:: Collection entries ::
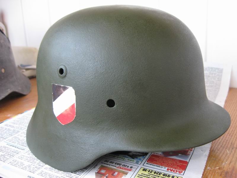 Вот,по вечерам,после работы реанимировал еще один вариант,для полки..подшлемы буду ваять зимой....краску мешал сам,кому интересно,могу рассказать подробно весь процесс..спрашивайте..деколи немного затер,немного попозже затру саму каску слегка..типа слегка заношенная...На очереди еще несколько шлемов,один из них сейчас в лимонке бодяжится..сделаю,тож выставлю..
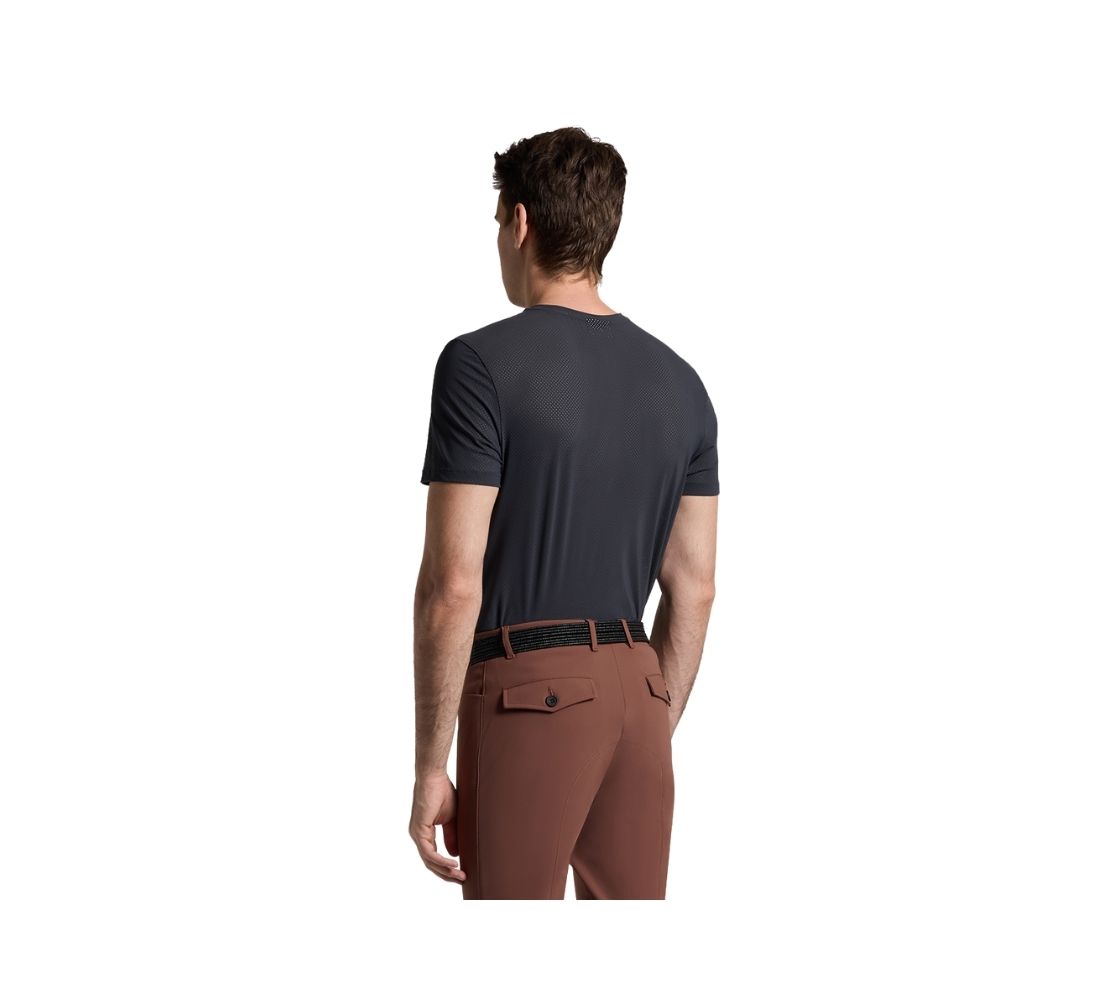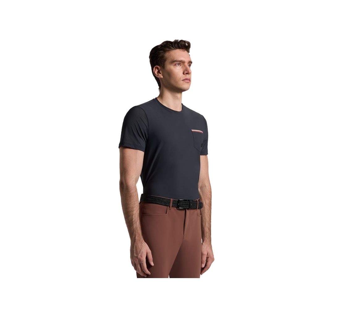 這款 Cavalleria Toscana 男款 T-shirt 專為訓練而設計。中央主體採用平滑 Eurojersey 面料,袖部與背部則使用透氣打孔布料,形成高效通風的混合結構。此設計帶來優異透氣性與快速乾燥特性,確保騎乘時的舒適度。胸前配有對比飾邊口袋設計,CT 標誌低調熱壓呈現,兼具機能與現代感剪裁
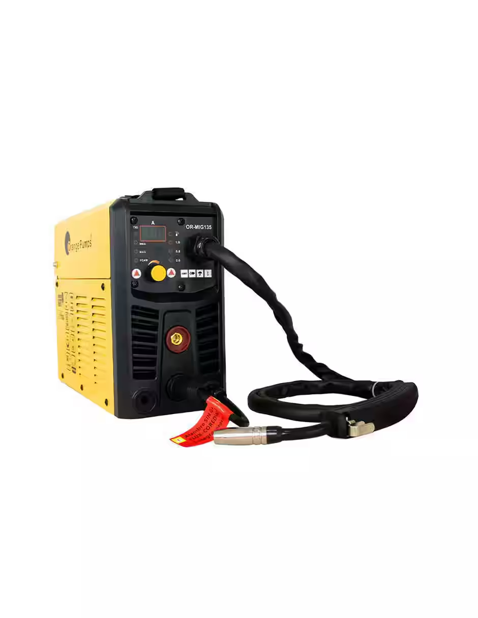 Máquina de soldar microalambre TIG, MMA y MIG modelo OR-MIG135 de la marca PUMPSF&Q. Este soldador inversor permite trabajar con procesos de electrodo, microalambre (con o sin gas) y TIG. Compatible con electrodos 6013 y 7018 de 3/32" y hasta un máximo de 1/8". Funciona con voltaje de 127 V a 60 Hz y ofrece una carga máxima de 120 A para MIG y 100 A para MMA, con ciclos de trabajo del 60 % al 30 %. Es compatible con microalambre de 0.8 mm (0.30) y 1.0 mm (0.35), y electrodos de 1.6 mm a 3.2 mm. Incluye antorcha de 2 m, cable con pinza porta electrodo de 3 m, cable de tierra (masa) de 1.65 m, conexión rápida de cable de 3/8", cepillo de alambre con quita escoria y careta de paleta con sombra 13. Tiene capacidad para carrete de microalambre de hasta 1 kg. El equipo es apto para soldadura con gas o sin gas. Peso: 10.5 kg. No incluye rollo de microalambre
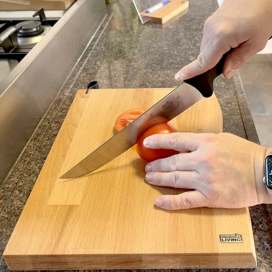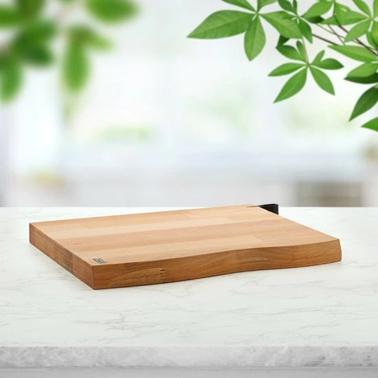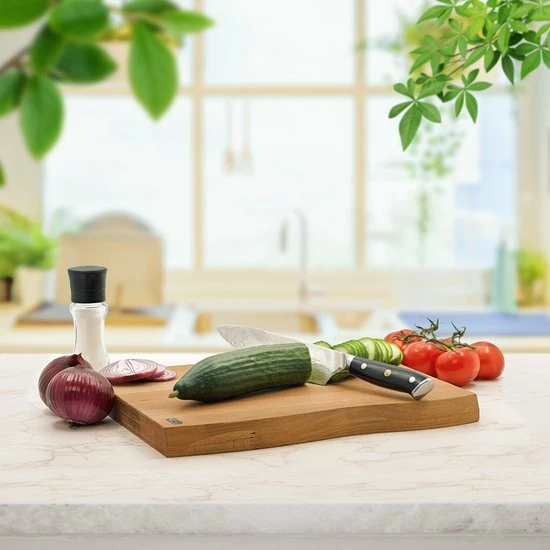 Deze robuuste en stevige snijplank heeft een afmeting van 37 x 29 cm en een dikte van maar liefst 3 cm. De golvende afwerking aan de zijkant geeft dit hakblok een stijlvolle uitstraling. Behandel de plank eens per 2 tot 4 maanden met olie om de levensduur te verlengen. Ook toe aan een stukje luxe in je keuken of op zoek naar een perfect cadeau voor die ene chef in je leven? Bestel dan deze stijlvolle snijplank vandaag nog.
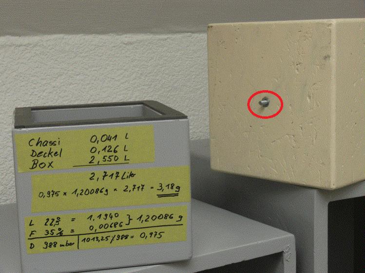 Derzeit habe ich neun verschiedene, abgestufte Test-Boxen zwischen 1,5 Liter und 60 Liter. Hinzu kommen jeweils verschiedene "Steine", die das Volumen verringern können. Alles jeweils in einer luftdichten Ausführung.
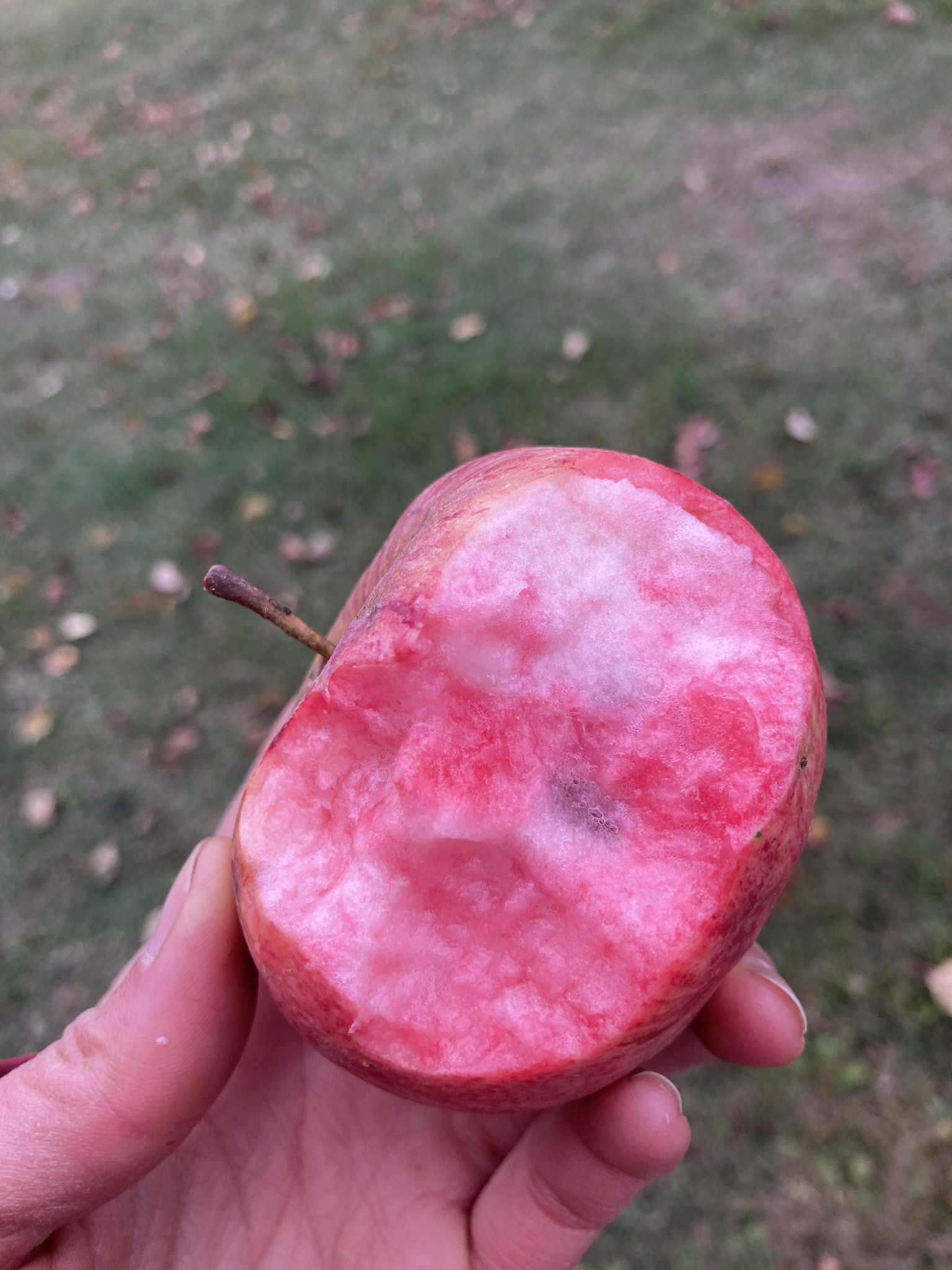 C’est comme ça qu’elle est provisoirement nommée, cette pomme à chair rosée, dont l’arbre, très fort probablement un arbre issu de semis, auquel nous donnons au moins une soixantaine d’années de vie, se trouve en empruntant un vieux rang de Ste-Béatrix (si si, je laisse planer le mystère de son emplacement précis…). Un autre de ces vénérables pommiers devenu un bien commun de notre ruralité, issu de la place, sans véritable propriétaire. Les humains possédant les titres de propriété des terrains où prolifèrent ces pommiers sauvages ne portent souvent aucun intérêt aux fruits qui abondent, années après années.

:: ACTION ITEM ::
A faithful copy of all the data above is required, printed exactly and with no pictures.

:: ANSWER SECTION ::
 Вот,по вечерам,после работы реанимировал еще один вариант,для полки..подшлемы буду ваять зимой....краску мешал сам,кому интересно,могу рассказать подробно весь процесс..спрашивайте..деколи немного затер,немного попозже затру саму каску слегка..типа слегка заношенная...На очереди еще несколько шлемов,один из них сейчас в лимонке бодяжится..сделаю,тож выставлю..
 這款 Cavalleria Toscana 男款 T-shirt 專為訓練而設計。中央主體採用平滑 Eurojersey 面料,袖部與背部則使用透氣打孔布料,形成高效通風的混合結構。此設計帶來優異透氣性與快速乾燥特性,確保騎乘時的舒適度。胸前配有對比飾邊口袋設計,CT 標誌低調熱壓呈現,兼具機能與現代感剪裁
 Máquina de soldar microalambre TIG, MMA y MIG modelo OR-MIG135 de la marca PUMPSF&Q. Este soldador inversor permite trabajar con procesos de electrodo, microalambre (con o sin gas) y TIG. Compatible con electrodos 6013 y 7018 de 3/32" y hasta un máximo de 1/8". Funciona con voltaje de 127 V a 60 Hz y ofrece una carga máxima de 120 A para MIG y 100 A para MMA, con ciclos de trabajo del 60 % al 30 %. Es compatible con microalambre de 0.8 mm (0.30) y 1.0 mm (0.35), y electrodos de 1.6 mm a 3.2 mm. Incluye antorcha de 2 m, cable con pinza porta electrodo de 3 m, cable de tierra (masa) de 1.65 m, conexión rápida de cable de 3/8", cepillo de alambre con quita escoria y careta de paleta con sombra 13. Tiene capacidad para carrete de microalambre de hasta 1 kg. El equipo es apto para soldadura con gas o sin gas. Peso: 10.5 kg. No incluye rollo de microalambre
 Deze robuuste en stevige snijplank heeft een afmeting van 37 x 29 cm en een dikte van maar liefst 3 cm. De golvende afwerking aan de zijkant geeft dit hakblok een stijlvolle uitstraling. Behandel de plank eens per 2 tot 4 maanden met olie om de levensduur te verlengen. Ook toe aan een stukje luxe in je keuken of op zoek naar een perfect cadeau voor die ene chef in je leven? Bestel dan deze stijlvolle snijplank vandaag nog.
 Derzeit habe ich neun verschiedene, abgestufte Test-Boxen zwischen 1,5 Liter und 60 Liter. Hinzu kommen jeweils verschiedene "Steine", die das Volumen verringern können. Alles jeweils in einer luftdichten Ausführung.
 C’est comme ça qu’elle est provisoirement nommée, cette pomme à chair rosée, dont l’arbre, très fort probablement un arbre issu de semis, auquel nous donnons au moins une soixantaine d’années de vie, se trouve en empruntant un vieux rang de Ste-Béatrix (si si, je laisse planer le mystère de son emplacement précis…). Un autre de ces vénérables pommiers devenu un bien commun de notre ruralité, issu de la place, sans véritable propriétaire. Les humains possédant les titres de propriété des terrains où prolifèrent ces pommiers sauvages ne portent souvent aucun intérêt aux fruits qui abondent, années après années.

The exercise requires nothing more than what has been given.